Running Pipelines

Invoking a Pipeline

Thus far we have shown how to define stages and pipelines in MRO files. To invoke a pipeline, write an MRO file containing a pipeline call statement with the desired input arguments. This call statement is called an invocation. To invoke the example pipeline from above:

invoke.mro

@include "pipeline.mro"

call DUPLICATE_FINDER(
    unsorted = "/home/duplicator_dave/unsorted.txt",
)

Typically, an invocation MRO file contains a single @include statement that causes the pipeline definition to be included, and a single call statement of that pipeline. It is generally discouraged to call a pipeline in the same file in which it is defined, because then the pipeline definition cannot be easily reused for other invocations with different input arguments.

Running mrp

mrp is the runtime executable that runs Martian pipelines. When a pipeline is run, the instantiation of it is called a pipestance, which is a portmanteau of “pipeline” and “instance”. The command-line interface for mrp is:

$ mrp <invocation_mro> <pipestance_id>

To start a run, provide an invocation MRO file, plus a unique pipestance ID, comprising only numbers, letters, dashes, and underscores. This ID will be the name of the directory containing the pipestance, relative to the current working directory. When running a pipeline multiple times, choose a different pipestance ID for each run.

mrp features a number of command-line options, which are documented in Advanced Features.

Once mrp starts, you should see the following output:

$ mrp invoke.mro piperun1
Martian Runtime - 2.2.0

Running preflight checks (please wait)...
2018-01-02 14:23:52 [runtime] (ready)           ID.piperun1.DUPLICATE_FINDER.SORT_ITEMS
2018-01-02 14:23:53 [runtime] (split_complete)  ID.piperun1.DUPLICATE_FINDER.SORT_ITEMS
2018-01-02 14:23:53 [runtime] (run:local)       ID.piperun1.DUPLICATE_FINDER.SORT_ITEMS.fork0.chnk0.main

At a high level, mrp performs the following to run a pipeline:

  • Parse and validate MRO file (e.g. invoke.mro)
  • Convert the MRO into a graph representation of the pipeline
  • Create a directory for the pipestance named with the pipestance ID provided (e.g. piperun1)
  • Begin evaluating dependencies and executing the stages of the pipeline
  • Continuously monitor stages and advance through the pipeline graph when dependencies are satisfied

Completion and Failure

If the pipestance encounters no errors while running, mrp exits with status 0 and writes a _complete file in the top level of the pipestance directory.

If the pipestance encounters does an encounter an error, mrp exits with status 1. The failed stage(s) will contain an _errors file with information about the error.

For more details about how to examine an in-progress, completed, or failed pipestance, see Inspecting Pipelines.

Restarting

When a pipestance fails, it can be restarted by running mrp with the same arguments as before. mrp will identify the failed stages, and reset them to a clean state so that they can run again.

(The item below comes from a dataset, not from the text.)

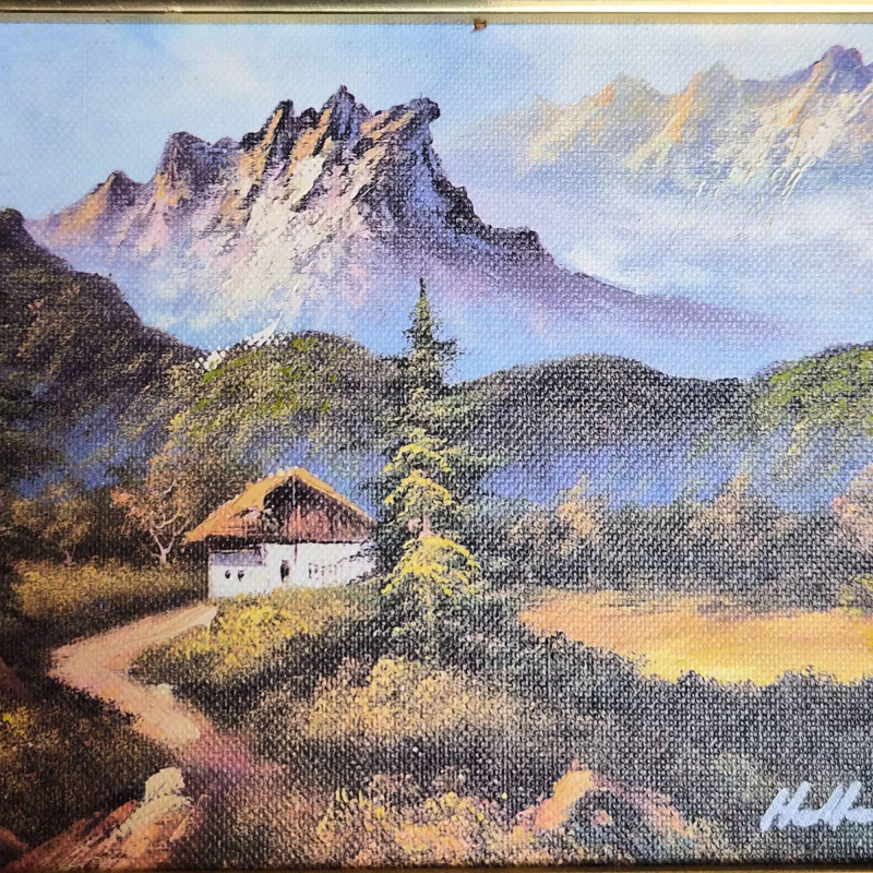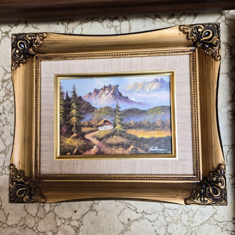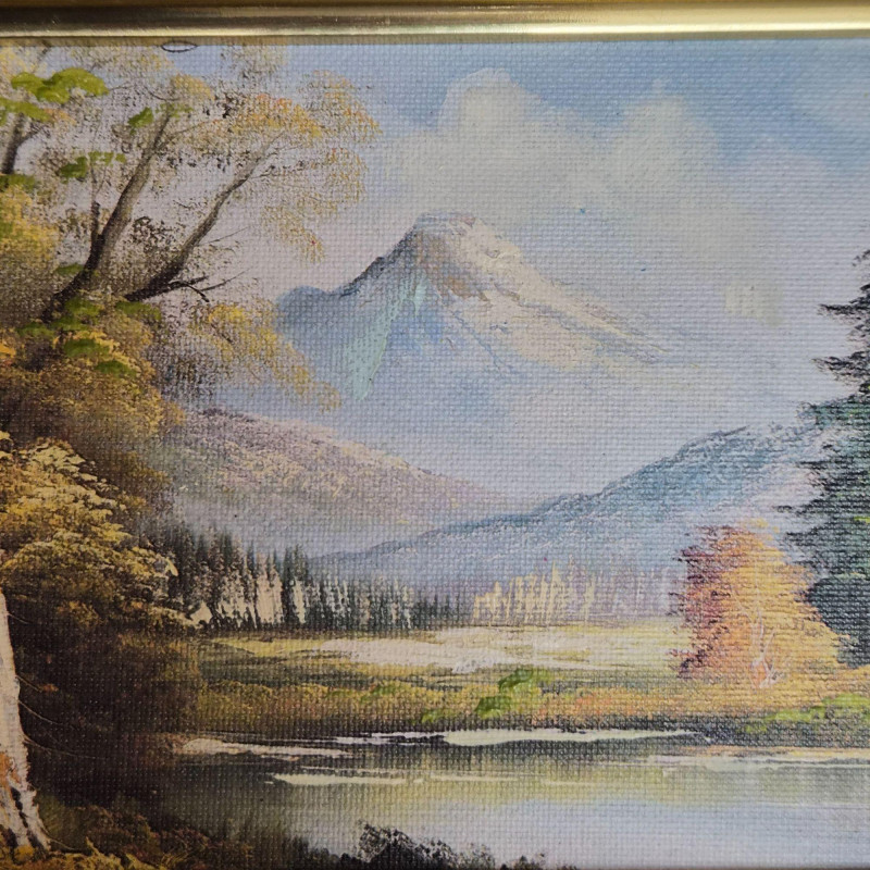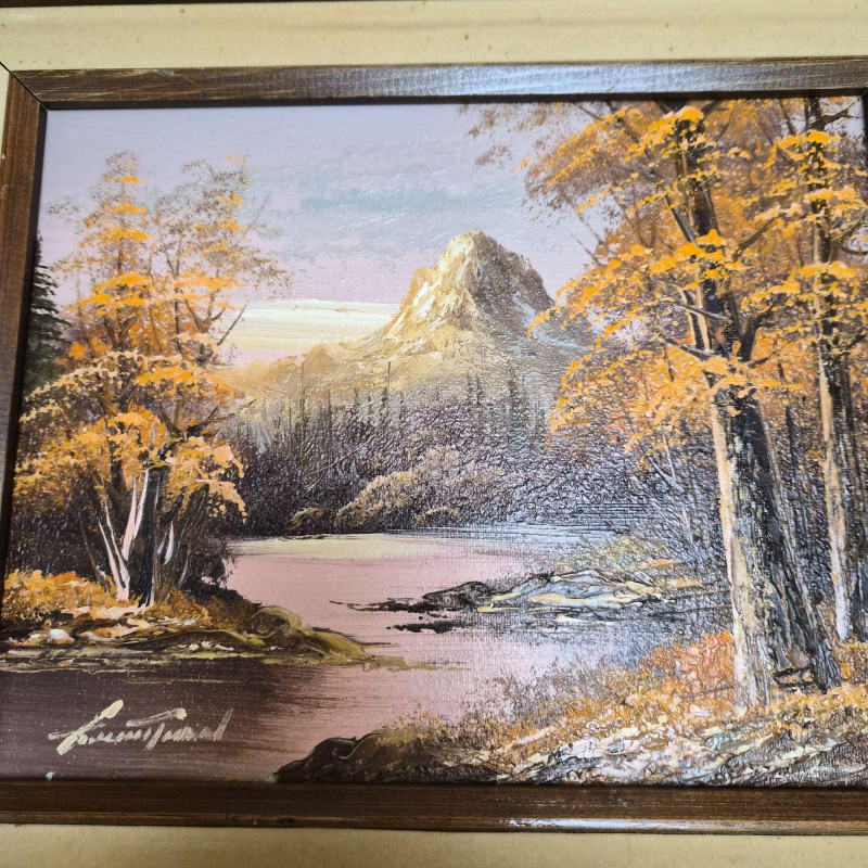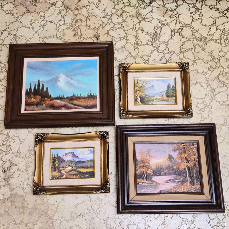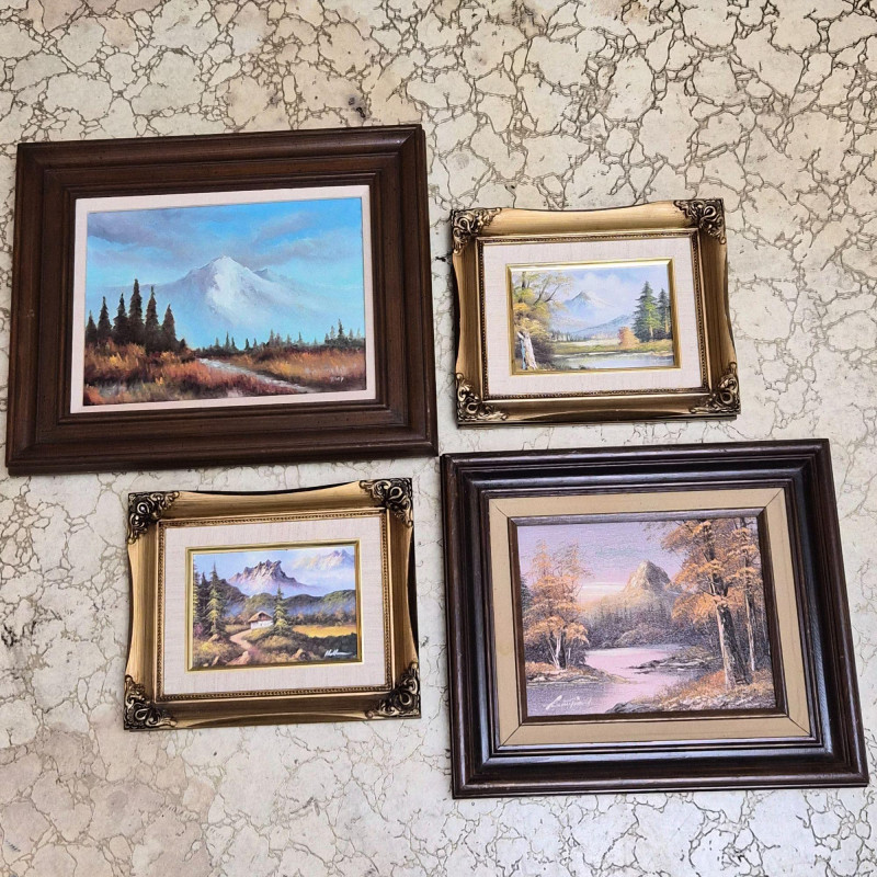 A set of four framed and signed oil paintings, each capturing a serene mountain landscape with expressive brushwork and atmospheric depth. The collection includes: Each painting is signed by the artist and housed in complementary frames, ranging from ornate gold to textured wood. The scenes evoke alpine paths, quiet lakes, and autumn forests—perfect for cabin walls, nature-inspired interiors, or collectors of regional landscape art.

Stages that have already completed successfully will not be reset or re-run. mrp attempts to verify that no other instance of mrp is currently running that pipestance, and that other settings are compatible with the previous run. Normally retrying will only re-run failed chunks. If the MRO_FULLSTAGERESET environment variable is non-empty, the entire failed stage will be reset.

Stages which failed with error messages that match regular expressions defined in martian/jobmanagers/retry.json may be retried automatically. mrp will restart itself in such circumstances a number of times configured either from the command line or in retry.json giving up. This is useful for error types which are expected to be transient, such as receiving a signal from the operating system.

If mrp is restarted with the --inspect flag set, it should attempt to read the pipestance in “read only” mode. In combination with --noexit this can be used to open up a user interface for an old pipestance.